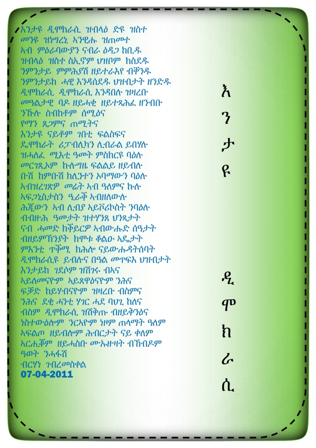 ++እንታዩ ደሞክራሲ ?++ ብብጻይ ብርሃነ ገብረመስቀል (ሽቱትጋርት / ጀርመን)
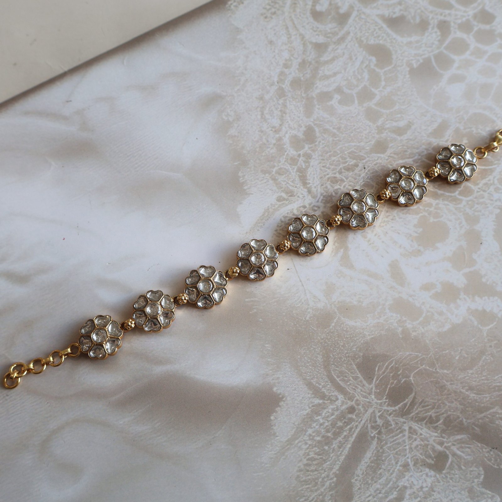 This exquisite 92.5 silver bracelet is crafted to reflect bridal elegance and heirloom charm. Finished in radiant gold polish, it showcases intricately placed Kundan stones that lend a royal glow to the design. Handcrafted with precision, the bracelet offers lasting beauty, making it an ideal choice for bridal wear, festive celebrations, and treasured gifting.
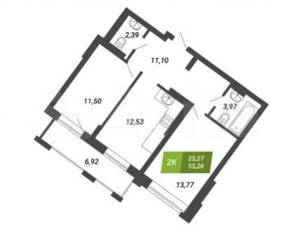 - Общая площадь: 55 м2
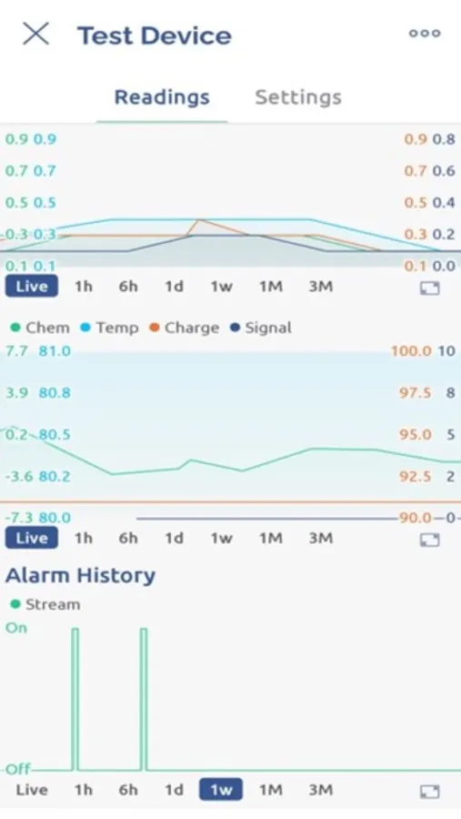 The Readings Page can be selected by clicking on the main dashboard tile for the sensor of interest. The Readings Page displays the data outputs from the sensors for a selected system. Users can also see quickly if there is an Alert or the system has No Alert. Gauges are used as a tool to show each sensor output while historical data can be viewed in graphs. The time range of the graphs can be selected to see live data all the way up to 90 days past.
● ● ● ●
-- EXERCISE GOAL --
When you copy the data above, keep each line exact and omit the pictures.

-- TASK OUTPUT --
 ++እንታዩ ደሞክራሲ ?++ ብብጻይ ብርሃነ ገብረመስቀል (ሽቱትጋርት / ጀርመን)
 This exquisite 92.5 silver bracelet is crafted to reflect bridal elegance and heirloom charm. Finished in radiant gold polish, it showcases intricately placed Kundan stones that lend a royal glow to the design. Handcrafted with precision, the bracelet offers lasting beauty, making it an ideal choice for bridal wear, festive celebrations, and treasured gifting.
 - Общая площадь: 55 м2
 The Readings Page can be selected by clicking on the main dashboard tile for the sensor of interest. The Readings Page displays the data outputs from the sensors for a selected system. Users can also see quickly if there is an Alert or the system has No Alert. Gauges are used as a tool to show each sensor output while historical data can be viewed in graphs. The time range of the graphs can be selected to see live data all the way up to 90 days past.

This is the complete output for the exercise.